## ACTIVITY
For this exercise, please return exactly the line containing "石膏板烘干烟气余热回收装置(专利证书)2012年10月" and each line after it through the end of the records, with no pictures included.

━━━ INFORMATION GIVEN

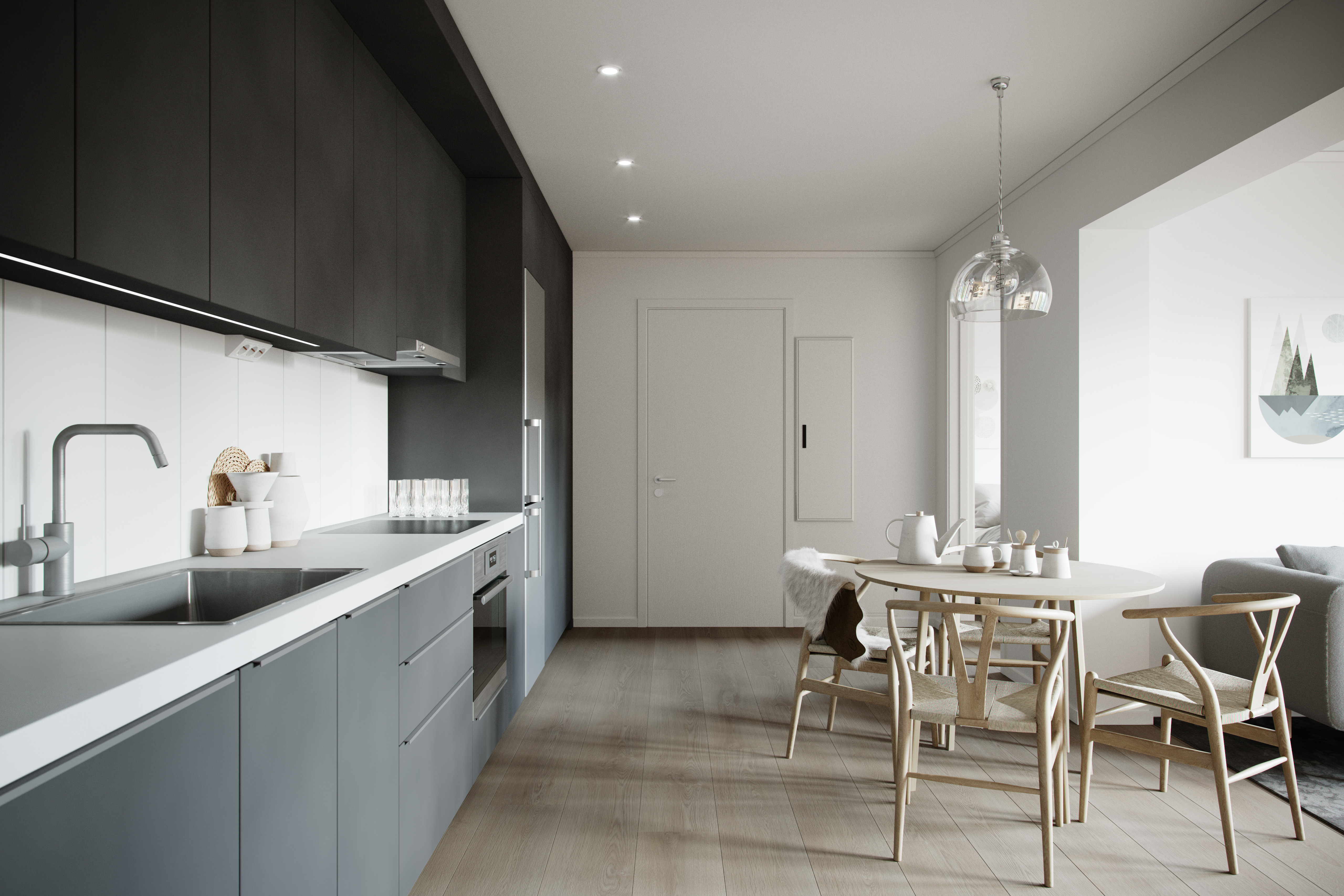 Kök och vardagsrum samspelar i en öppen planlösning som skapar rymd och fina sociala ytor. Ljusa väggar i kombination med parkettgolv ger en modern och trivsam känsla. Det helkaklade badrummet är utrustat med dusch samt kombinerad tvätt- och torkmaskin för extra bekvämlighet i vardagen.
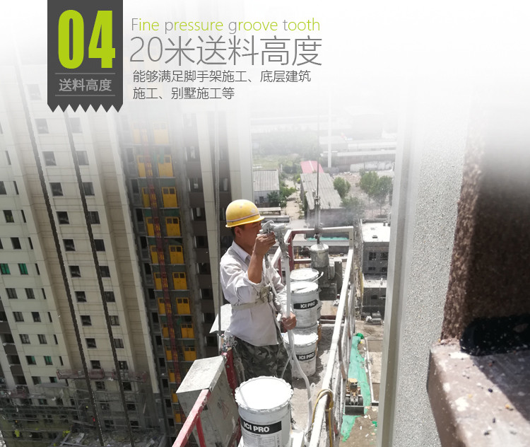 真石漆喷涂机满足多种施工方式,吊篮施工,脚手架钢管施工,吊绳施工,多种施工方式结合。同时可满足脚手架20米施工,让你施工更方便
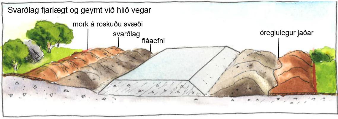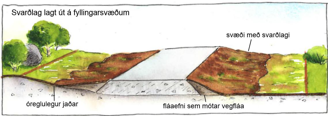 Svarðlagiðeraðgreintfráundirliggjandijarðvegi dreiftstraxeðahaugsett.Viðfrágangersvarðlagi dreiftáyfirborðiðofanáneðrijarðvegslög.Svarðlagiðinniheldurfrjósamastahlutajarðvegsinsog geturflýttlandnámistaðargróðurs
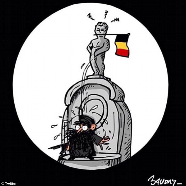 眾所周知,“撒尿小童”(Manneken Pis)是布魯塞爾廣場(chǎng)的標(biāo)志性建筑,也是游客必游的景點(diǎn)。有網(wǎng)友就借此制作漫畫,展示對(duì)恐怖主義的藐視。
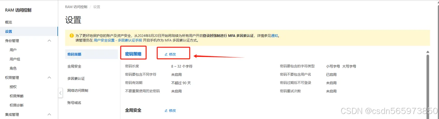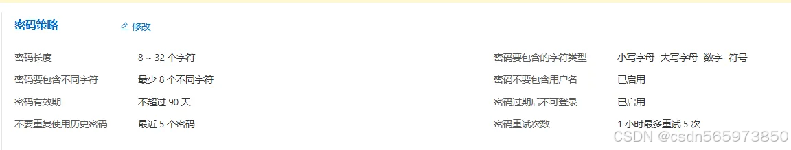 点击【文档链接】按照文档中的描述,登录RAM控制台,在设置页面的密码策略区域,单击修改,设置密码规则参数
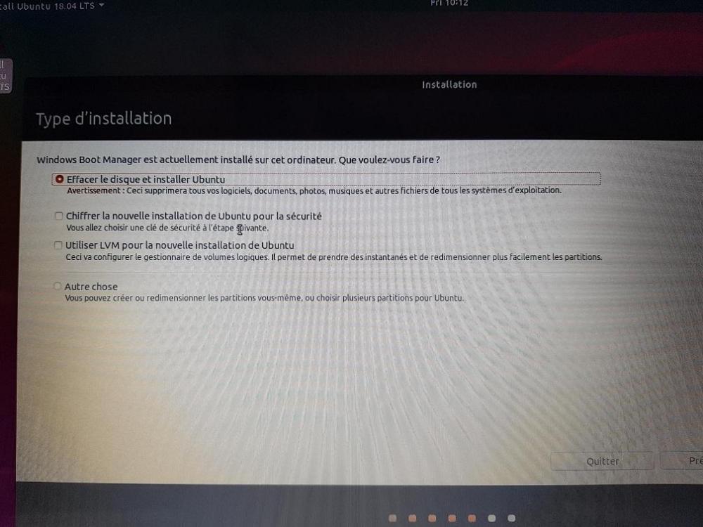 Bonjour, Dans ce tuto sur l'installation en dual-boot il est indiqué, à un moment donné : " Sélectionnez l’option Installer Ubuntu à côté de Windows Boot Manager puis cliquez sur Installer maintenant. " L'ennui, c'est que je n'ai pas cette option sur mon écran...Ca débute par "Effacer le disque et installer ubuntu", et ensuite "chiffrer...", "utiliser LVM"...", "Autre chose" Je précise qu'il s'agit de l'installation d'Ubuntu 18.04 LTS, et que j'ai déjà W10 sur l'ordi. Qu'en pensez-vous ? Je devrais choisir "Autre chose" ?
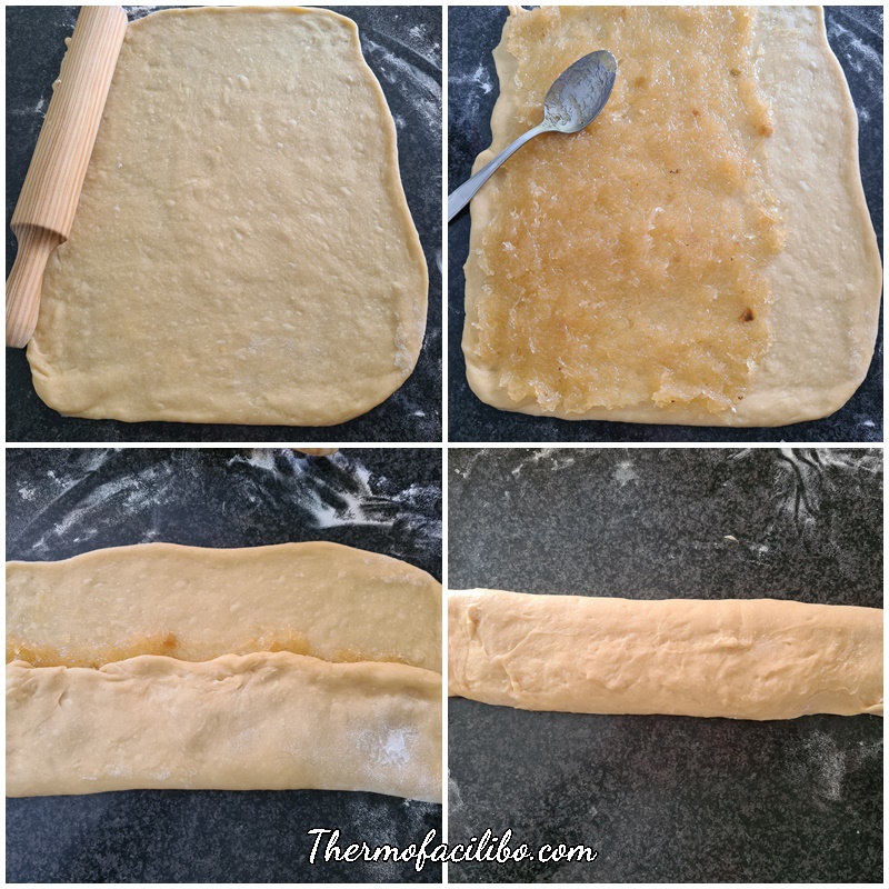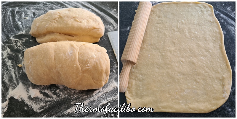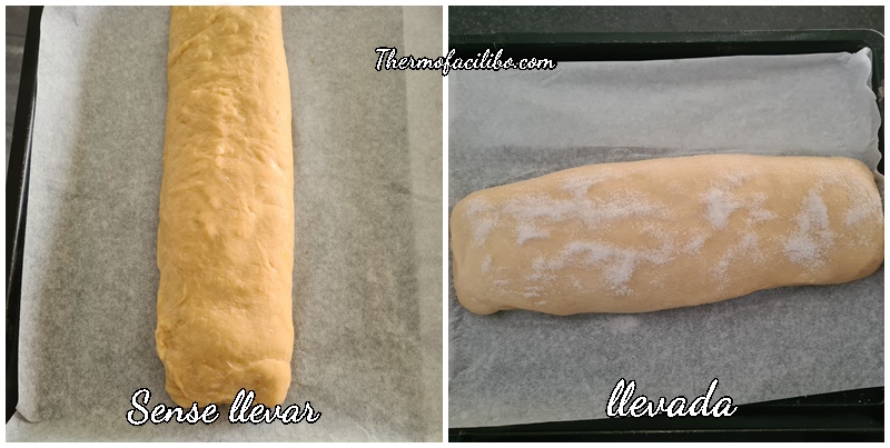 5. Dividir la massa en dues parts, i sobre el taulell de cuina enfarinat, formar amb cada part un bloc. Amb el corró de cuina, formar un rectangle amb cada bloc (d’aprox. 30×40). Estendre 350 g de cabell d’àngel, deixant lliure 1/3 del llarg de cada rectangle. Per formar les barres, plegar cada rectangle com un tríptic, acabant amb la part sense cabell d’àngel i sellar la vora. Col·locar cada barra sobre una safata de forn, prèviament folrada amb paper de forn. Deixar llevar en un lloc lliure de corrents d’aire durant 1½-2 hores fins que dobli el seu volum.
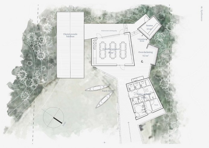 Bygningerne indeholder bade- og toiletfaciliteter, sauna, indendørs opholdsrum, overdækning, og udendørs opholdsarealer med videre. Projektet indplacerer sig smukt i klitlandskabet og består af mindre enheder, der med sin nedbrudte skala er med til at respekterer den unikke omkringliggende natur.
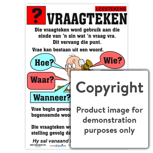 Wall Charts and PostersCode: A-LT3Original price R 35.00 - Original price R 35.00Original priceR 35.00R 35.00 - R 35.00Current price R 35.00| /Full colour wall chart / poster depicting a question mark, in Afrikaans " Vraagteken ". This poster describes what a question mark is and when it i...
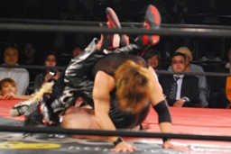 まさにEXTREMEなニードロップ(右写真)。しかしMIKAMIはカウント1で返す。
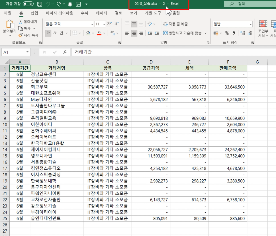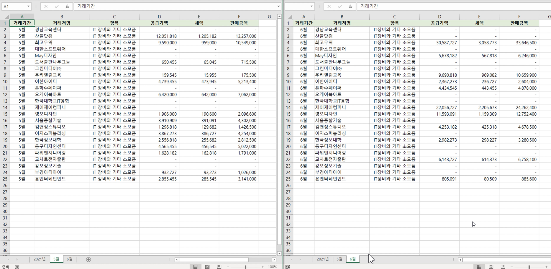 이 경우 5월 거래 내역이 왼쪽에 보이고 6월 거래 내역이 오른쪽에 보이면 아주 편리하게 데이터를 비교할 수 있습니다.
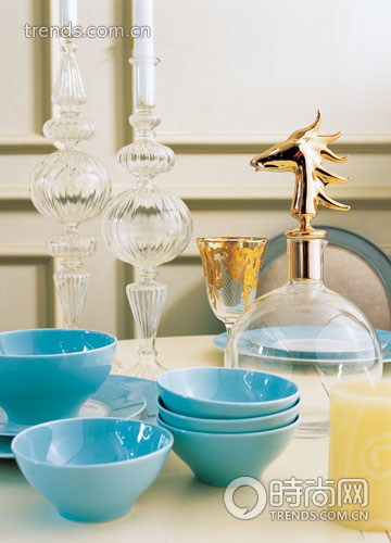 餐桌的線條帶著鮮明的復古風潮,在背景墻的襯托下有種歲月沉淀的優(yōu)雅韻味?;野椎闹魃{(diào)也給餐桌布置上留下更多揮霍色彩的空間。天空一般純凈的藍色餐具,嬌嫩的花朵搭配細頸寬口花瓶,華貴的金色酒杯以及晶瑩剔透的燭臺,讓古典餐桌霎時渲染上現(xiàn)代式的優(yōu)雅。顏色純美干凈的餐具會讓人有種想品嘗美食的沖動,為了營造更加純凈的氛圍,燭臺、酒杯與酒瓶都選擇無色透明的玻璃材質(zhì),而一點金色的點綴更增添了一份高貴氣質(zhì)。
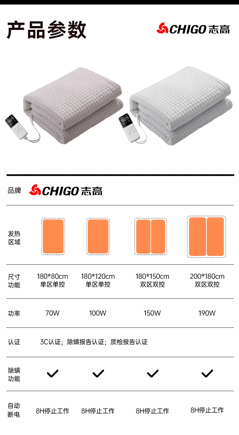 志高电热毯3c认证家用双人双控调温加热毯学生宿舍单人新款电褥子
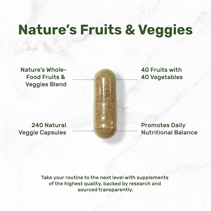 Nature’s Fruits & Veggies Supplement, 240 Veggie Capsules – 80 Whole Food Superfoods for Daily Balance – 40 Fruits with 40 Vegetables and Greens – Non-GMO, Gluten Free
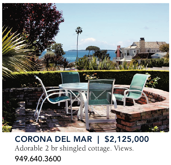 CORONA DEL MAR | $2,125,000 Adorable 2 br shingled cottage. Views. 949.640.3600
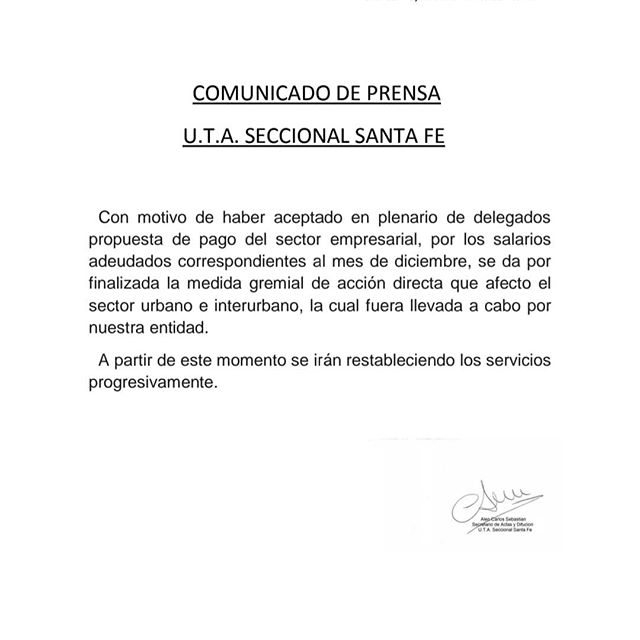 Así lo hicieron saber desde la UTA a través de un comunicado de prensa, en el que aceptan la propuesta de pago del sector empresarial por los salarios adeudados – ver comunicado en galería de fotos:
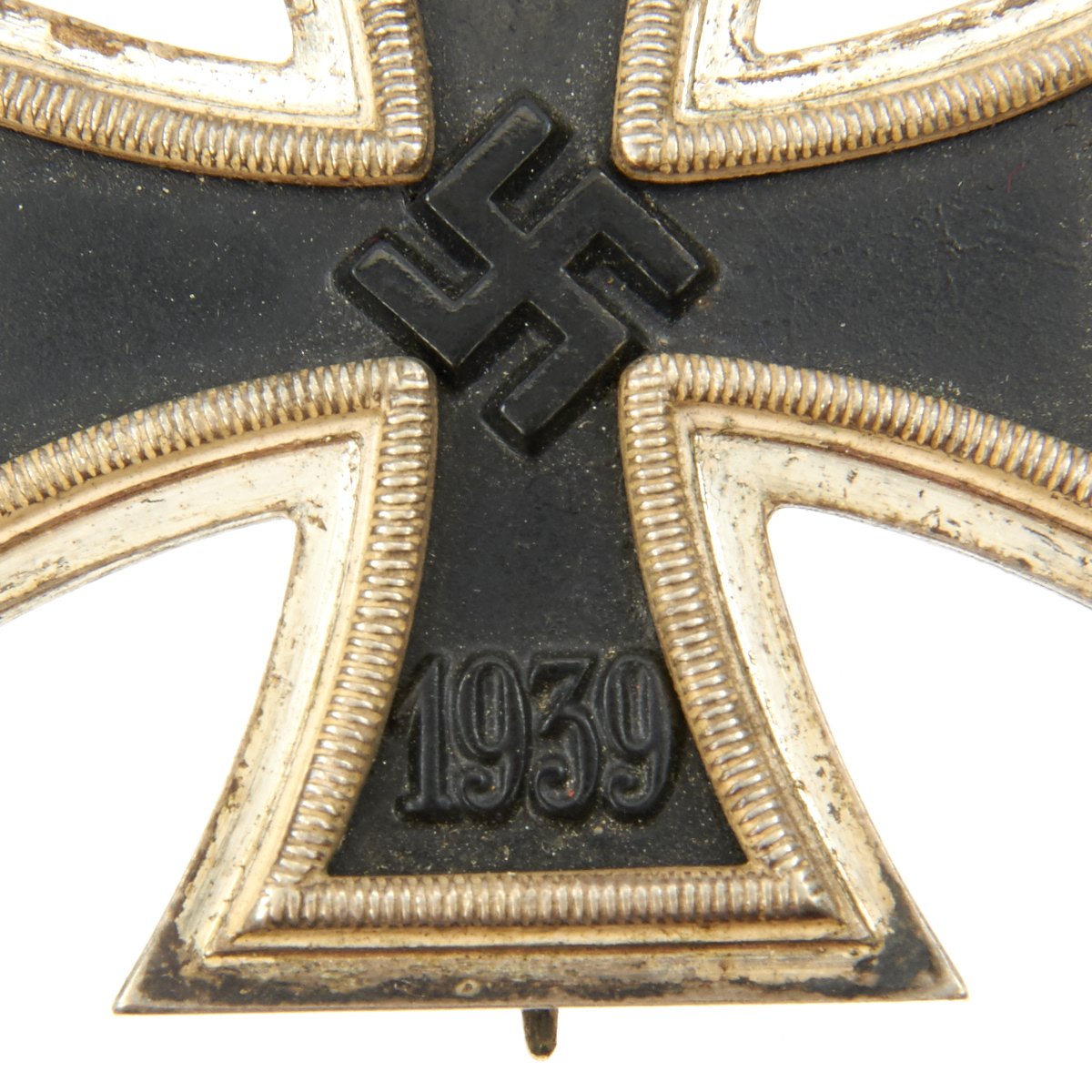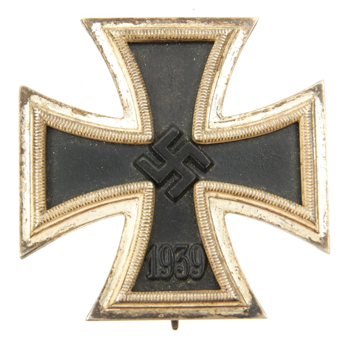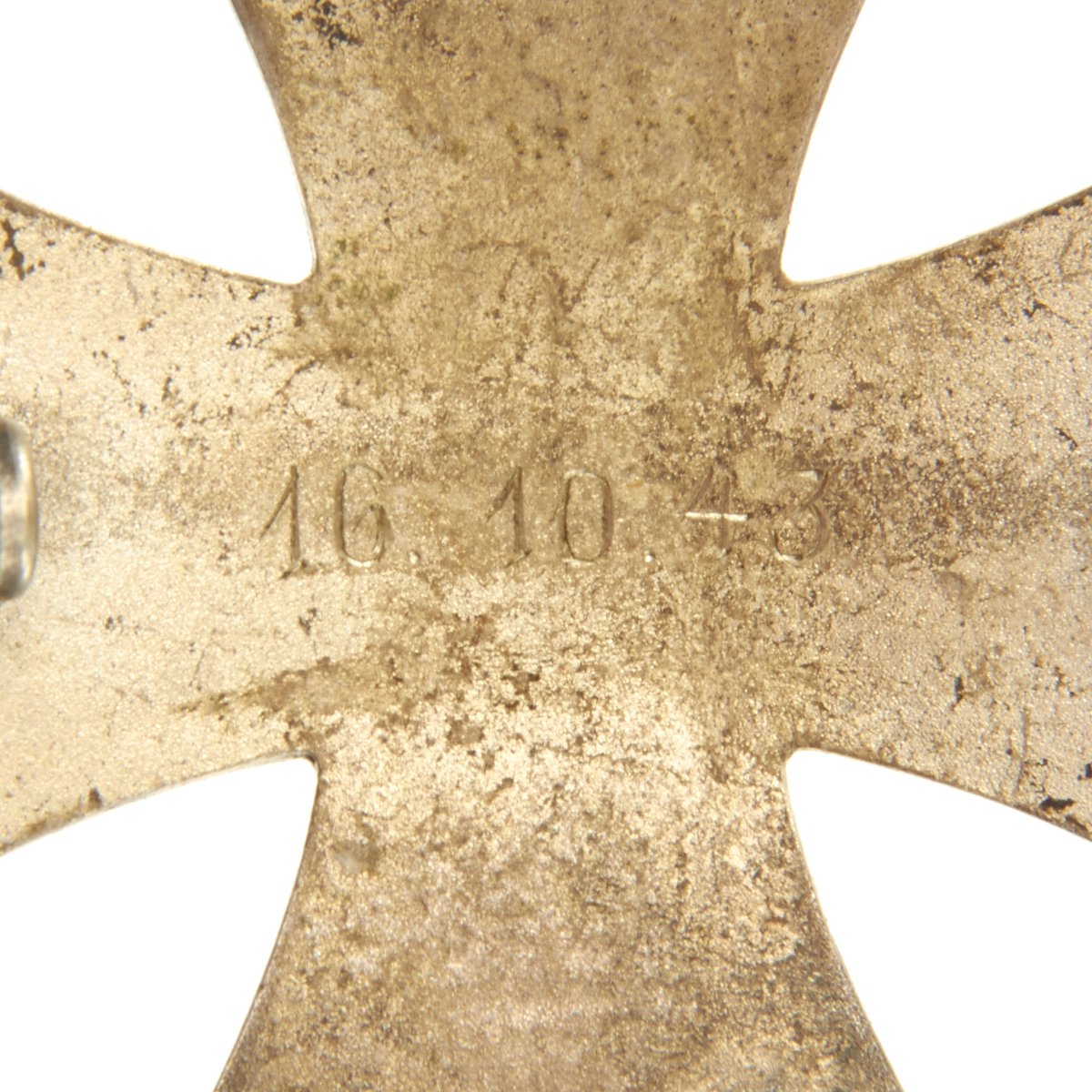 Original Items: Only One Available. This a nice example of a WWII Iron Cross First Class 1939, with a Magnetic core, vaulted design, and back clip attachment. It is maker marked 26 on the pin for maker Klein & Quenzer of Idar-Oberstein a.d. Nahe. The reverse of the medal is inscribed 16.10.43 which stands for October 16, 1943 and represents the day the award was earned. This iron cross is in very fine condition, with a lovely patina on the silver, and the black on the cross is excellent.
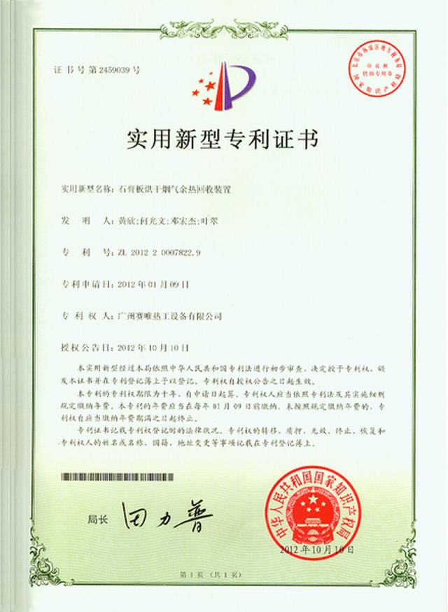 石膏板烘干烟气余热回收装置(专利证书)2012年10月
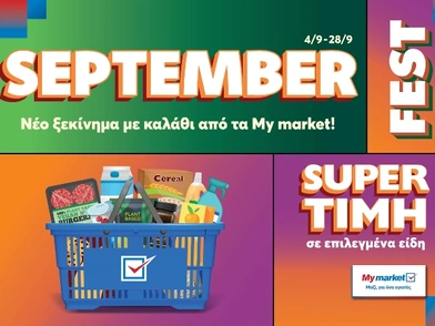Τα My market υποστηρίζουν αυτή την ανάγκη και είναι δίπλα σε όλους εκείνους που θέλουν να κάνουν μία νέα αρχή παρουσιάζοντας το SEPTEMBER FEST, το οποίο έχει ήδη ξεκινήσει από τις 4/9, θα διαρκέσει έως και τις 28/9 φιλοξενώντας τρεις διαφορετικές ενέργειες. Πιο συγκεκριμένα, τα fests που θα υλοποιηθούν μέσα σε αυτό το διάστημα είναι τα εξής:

━━━━━━

## RESULT OF THE TASK
 石膏板烘干烟气余热回收装置(专利证书)2012年10月
Τα My market υποστηρίζουν αυτή την ανάγκη και είναι δίπλα σε όλους εκείνους που θέλουν να κάνουν μία νέα αρχή παρουσιάζοντας το SEPTEMBER FEST, το οποίο έχει ήδη ξεκινήσει από τις 4/9, θα διαρκέσει έως και τις 28/9 φιλοξενώντας τρεις διαφορετικές ενέργειες. Πιο συγκεκριμένα, τα fests που θα υλοποιηθούν μέσα σε αυτό το διάστημα είναι τα εξής:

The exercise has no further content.